• _TASK INPUTS_:
════
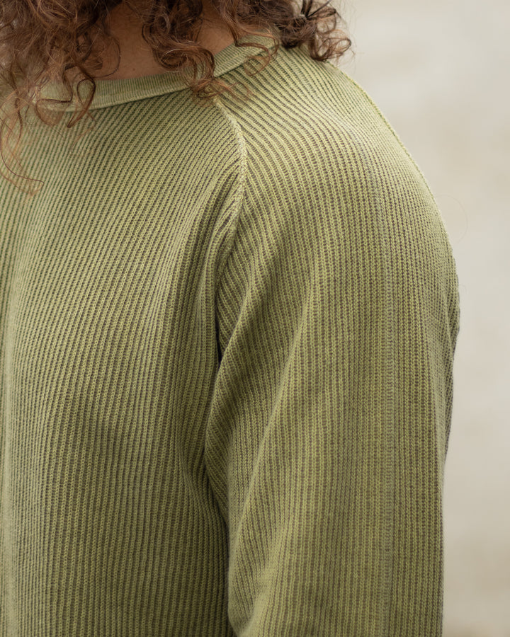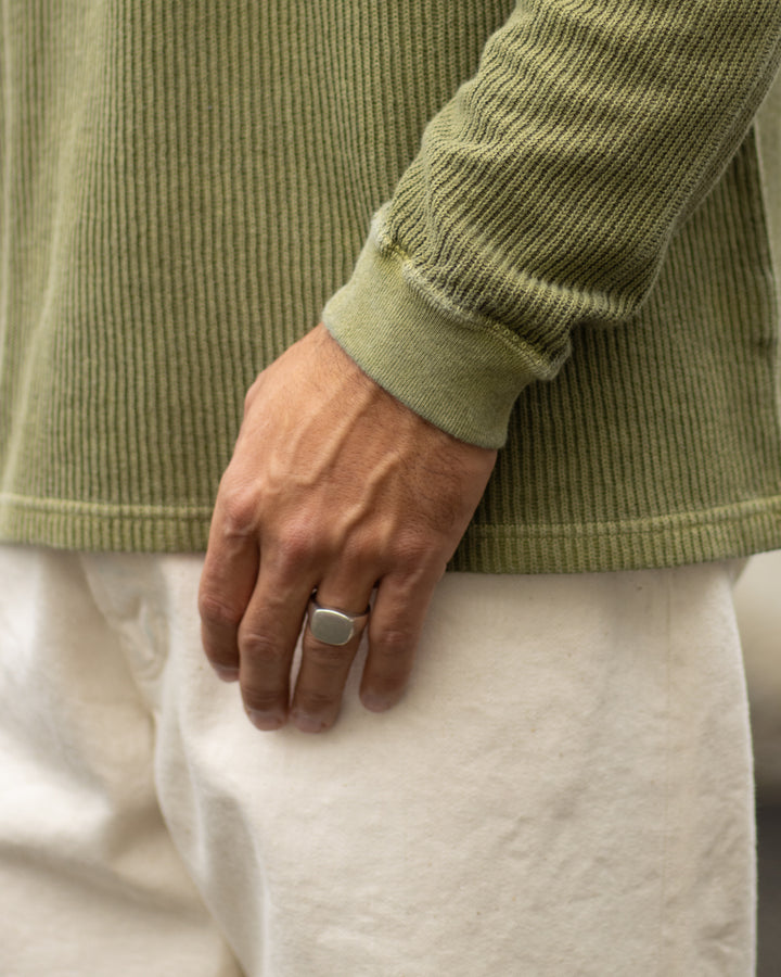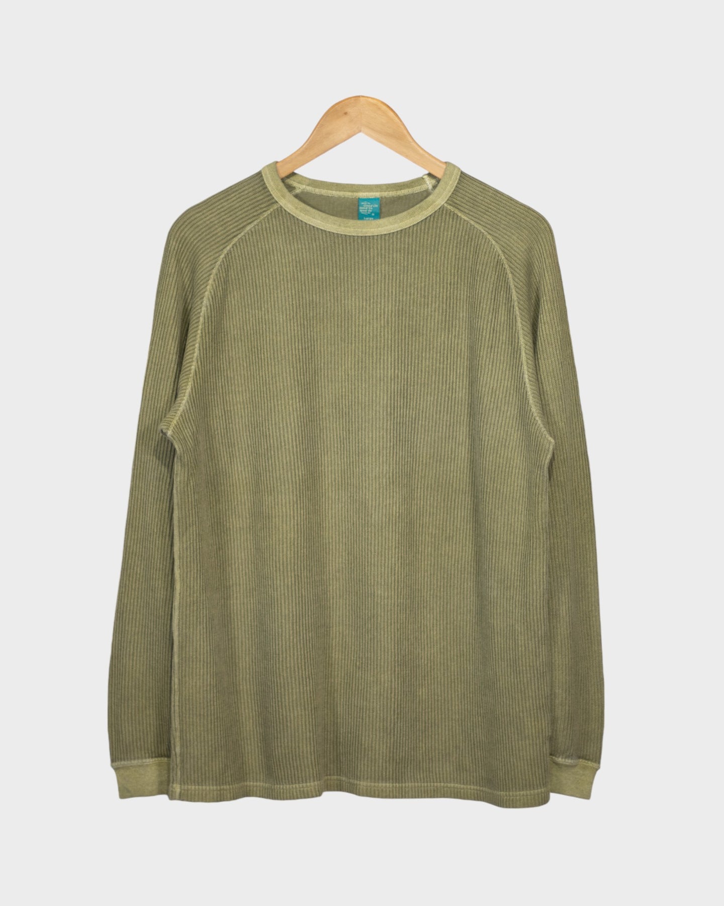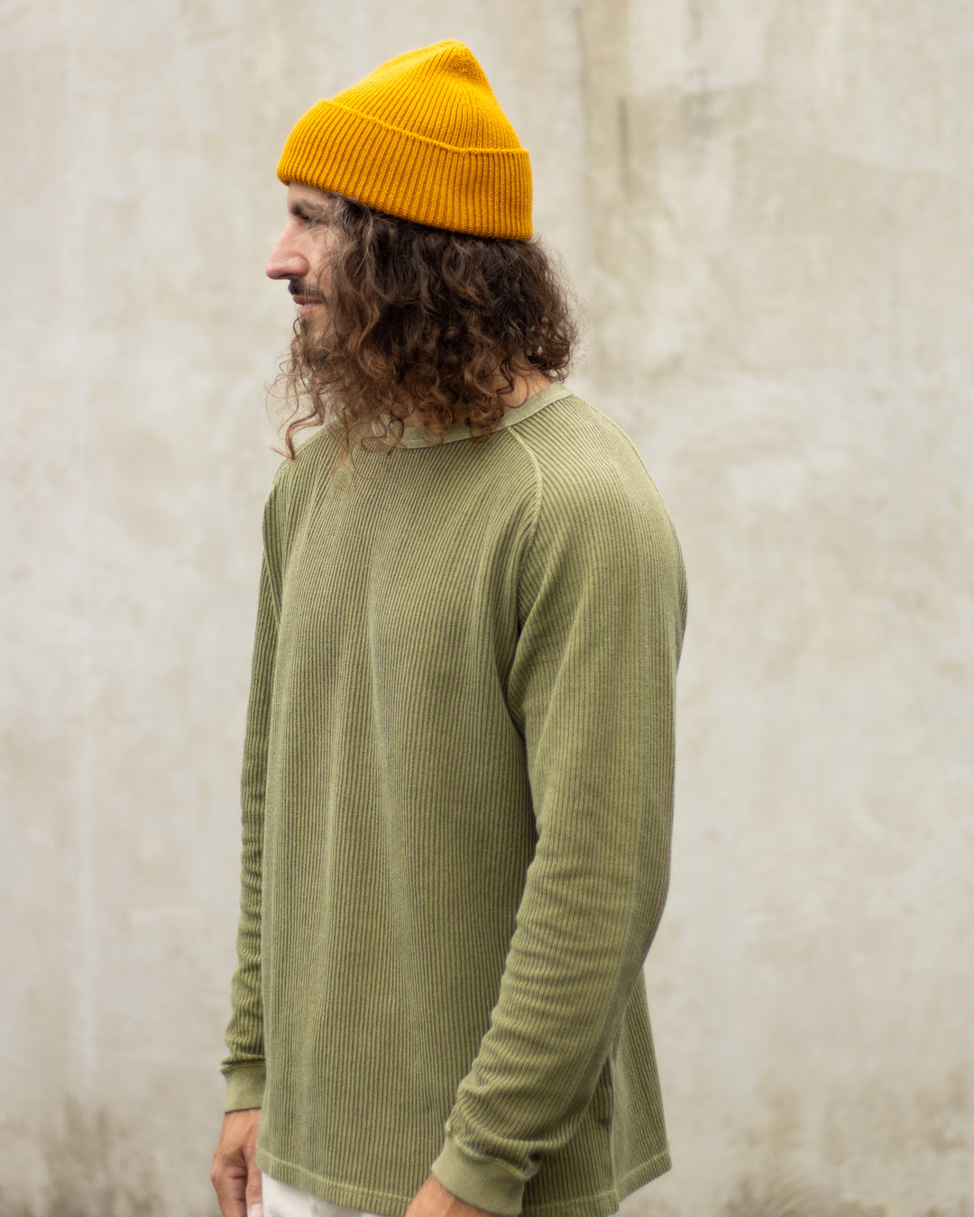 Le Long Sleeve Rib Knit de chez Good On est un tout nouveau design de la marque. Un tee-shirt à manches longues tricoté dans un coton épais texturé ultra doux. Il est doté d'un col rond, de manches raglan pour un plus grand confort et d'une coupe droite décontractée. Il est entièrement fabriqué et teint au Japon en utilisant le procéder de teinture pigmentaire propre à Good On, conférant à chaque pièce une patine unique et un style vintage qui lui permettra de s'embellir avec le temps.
════
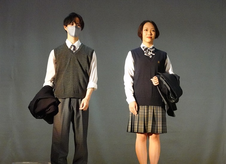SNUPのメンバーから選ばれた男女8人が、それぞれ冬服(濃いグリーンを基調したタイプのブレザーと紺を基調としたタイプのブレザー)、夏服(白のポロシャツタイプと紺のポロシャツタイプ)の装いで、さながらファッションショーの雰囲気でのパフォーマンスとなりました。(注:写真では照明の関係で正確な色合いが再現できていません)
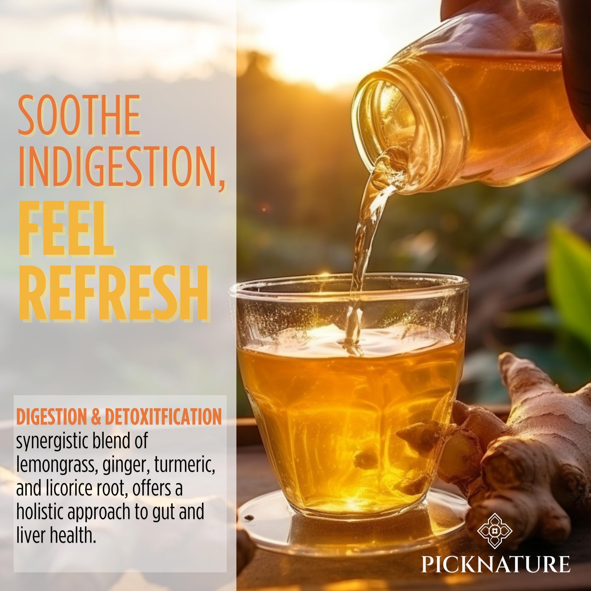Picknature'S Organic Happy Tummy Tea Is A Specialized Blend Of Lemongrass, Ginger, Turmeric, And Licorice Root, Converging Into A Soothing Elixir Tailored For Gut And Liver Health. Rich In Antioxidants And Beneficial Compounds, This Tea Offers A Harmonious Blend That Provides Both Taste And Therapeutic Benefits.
════
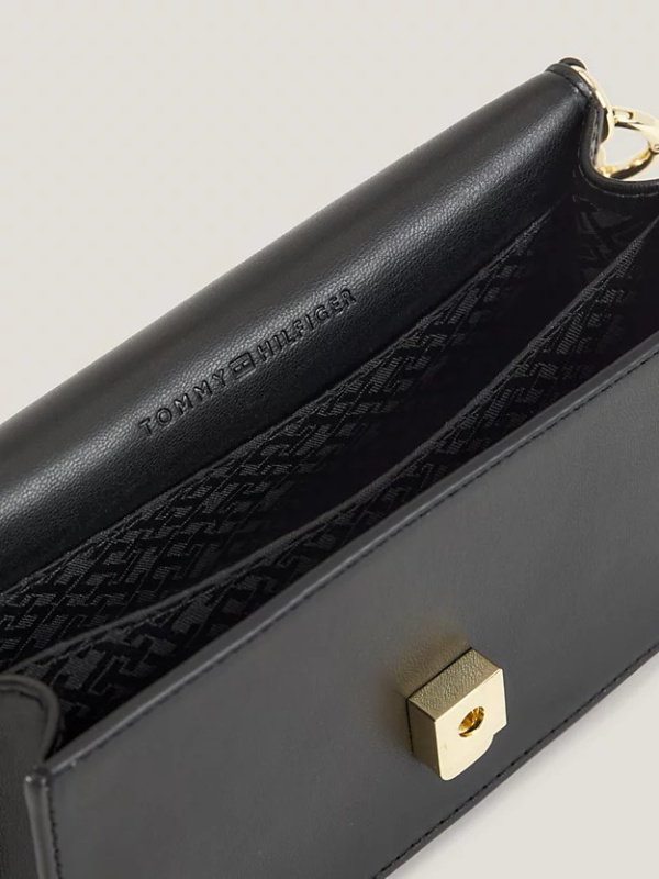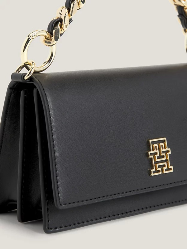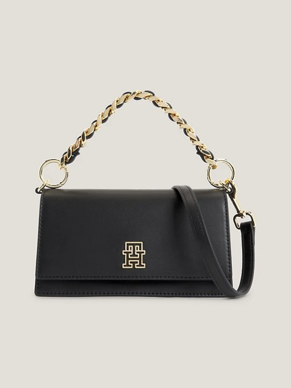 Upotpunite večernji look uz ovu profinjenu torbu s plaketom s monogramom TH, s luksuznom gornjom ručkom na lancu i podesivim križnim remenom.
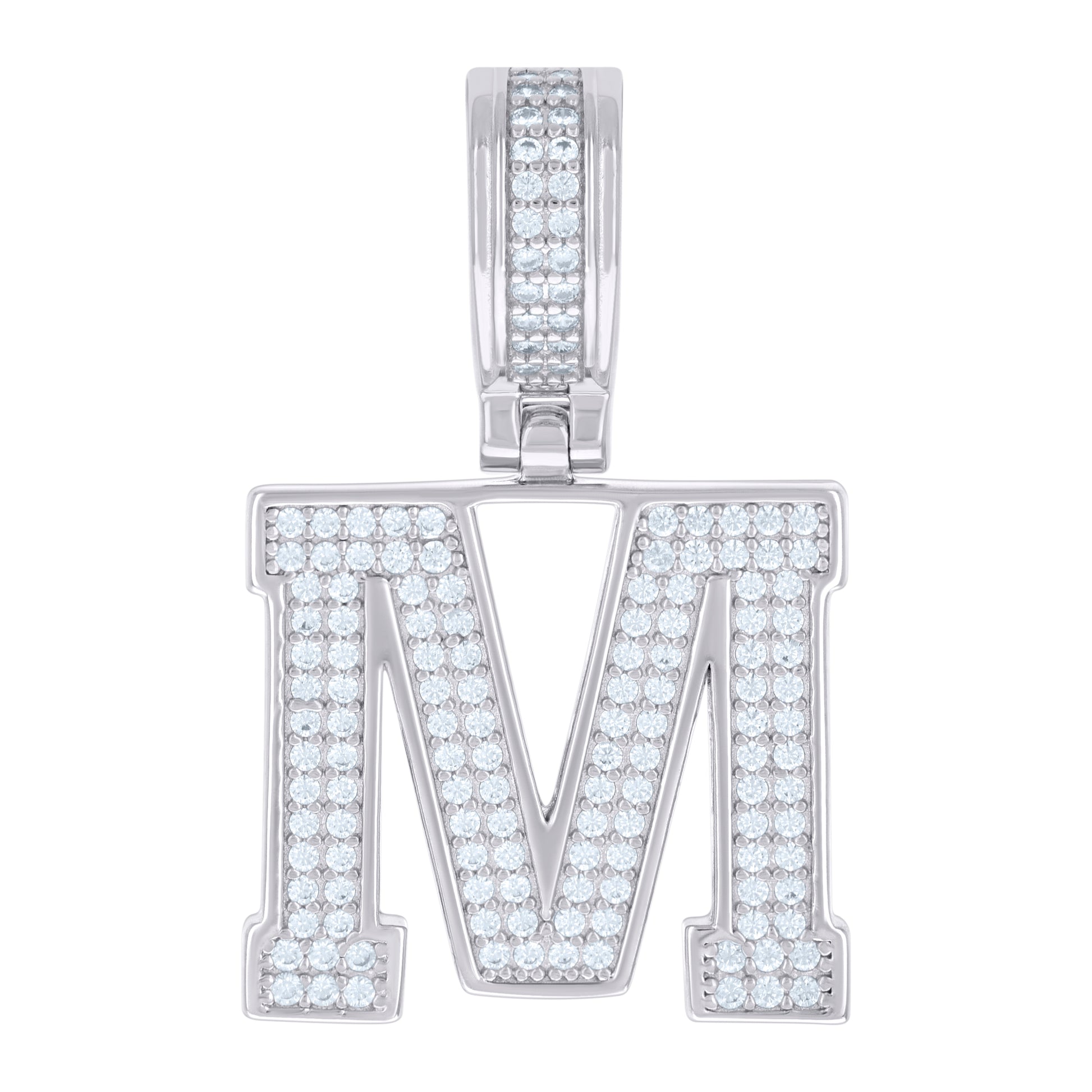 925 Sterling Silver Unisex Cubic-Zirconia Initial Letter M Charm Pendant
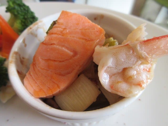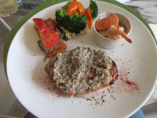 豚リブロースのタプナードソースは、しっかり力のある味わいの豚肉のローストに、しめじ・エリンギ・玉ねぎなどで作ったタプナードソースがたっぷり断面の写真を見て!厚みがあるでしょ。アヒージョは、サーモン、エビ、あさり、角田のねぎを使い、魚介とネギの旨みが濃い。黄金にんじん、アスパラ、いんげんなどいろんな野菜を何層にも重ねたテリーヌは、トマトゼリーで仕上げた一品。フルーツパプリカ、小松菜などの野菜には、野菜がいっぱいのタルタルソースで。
════
• _WORK REQUIRED_: For the data above, set down exactly the lines from the line with "Upotpunite večernji look" to the line with "豚リブロースのタプナードソー", both included, leaving pictures out.

• _OUTPUT FOR THIS EXERCISE_:
 Upotpunite večernji look uz ovu profinjenu torbu s plaketom s monogramom TH, s luksuznom gornjom ručkom na lancu i podesivim križnim remenom.
 925 Sterling Silver Unisex Cubic-Zirconia Initial Letter M Charm Pendant
 豚リブロースのタプナードソースは、しっかり力のある味わいの豚肉のローストに、しめじ・エリンギ・玉ねぎなどで作ったタプナードソースがたっぷり断面の写真を見て!厚みがあるでしょ。アヒージョは、サーモン、エビ、あさり、角田のねぎを使い、魚介とネギの旨みが濃い。黄金にんじん、アスパラ、いんげんなどいろんな野菜を何層にも重ねたテリーヌは、トマトゼリーで仕上げた一品。フルーツパプリカ、小松菜などの野菜には、野菜がいっぱいのタルタルソースで。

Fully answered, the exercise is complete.